In the second half of Wednesday’s Live in Front of a Studio Audience: Norman Lear’s All in the Family and The Jeffersons, the formidable tag team of Jamie Foxx and Wanda Sykes took center stage as George and Louise Jefferson, the movin’-on-upwardly-mobile couple played by Sherman Hemsley and Isabel Sanford in the 1975-85 sitcom. How did they and their co-stars fare in their remake of the series’ premiere? Read on…
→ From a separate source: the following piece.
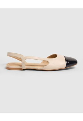 Calzado plano para mujer,Diseño bitono con cuerpo en tono crema y punta contrastada,Punta redondeada con acabado de charol brillante,Estructura destalonada con tira elástica posterior,Aberturas laterales que aportan frescura al pie,Suela plana y ligera para mayor comodidad al caminar,Plantilla con pespuntes decorativosEspecificaciones:Color: BlancoComposición: Capellada:Sintético 100% Forro:Sintético 100% Suela:Sintético 100% Plantilla:Sintético 100%Instrucciones de Lavado:No dejar en remojoLavar en agua fría separadamenteNo usar blanqueadorNo retorcerSecar a la SombraPlancha tibiaHecho en ChinaGarantía: 60 Días.

‘I ALWAYS SAY THERE ARE TWO THINGS THAT ARE NO FUN UNLESS YOU HAVE COMPANY — AND THE OTHER ONE IS DRINKING COFFEE’ | As “A Friend in Need” began, no less than Jennifer freakin’ Hudson (!) sang the theme song! (Needless to say, she slayed.) From there, Louise and pal Diane Stockwell (Jackée Harry, who I almost didn’t recognize de-glammed) arrived back at the Jeffersons‘ place after grocery-shopping. While Louise rushed inside to catch the phone, Diane remained in the hall to pick up the groceries that her friend had dropped. Once Mr. Bentley (Stephen Tobolowski) happened upon her, it became clear that Diane thought Louise was, like her, a maid in the building. Diane didn’t even realize that the Jeffersons who lived in the posh digs were Louise and her husband. Once inside, Diane expressed astonishment that Louise’s boss would let her call him George. Boss — ha. Louise would never call George that, she said. Though “sometimes I call him loudmouth.” (And how adorable was Sykes as Weezy?) When George came in, Diane was taken aback again. “I didn’t know the Jeffersons had a couple,” she said. “A couple of what?” asked George. A maid and a butler. When George clarified that he and Louise were the Jeffersons, Diane couldn’t believe it. (Harry even unleashed her inimitable laugh.) “You ain’t tall enough to be no basketball player,” she told George, “and you’re too old for a rock-n-roll singer.” After George explained that he owned some dry-cleaning stores, Diane beat a hasty retreat. She didn’t wanna hang out with Louise anymore. “I thought you was a maid like me,” she said, adding that George was right, it did make a difference. After she’d gone, Louise was understandably upset — Diane was her friend. “No, she’s not,” insisted George. “She’s a domestic.” The two of them, they’d made it, he went on. Regardless of where they were from, now “you from the East Side, she from the West Side,” George said, “and I don’t want no crosstown traffic in my kitchen!” (Special props to Foxx for nailing Hemsley’s physicality. So far, Tobolowski, his British accent coming and going, was the weak link for me.)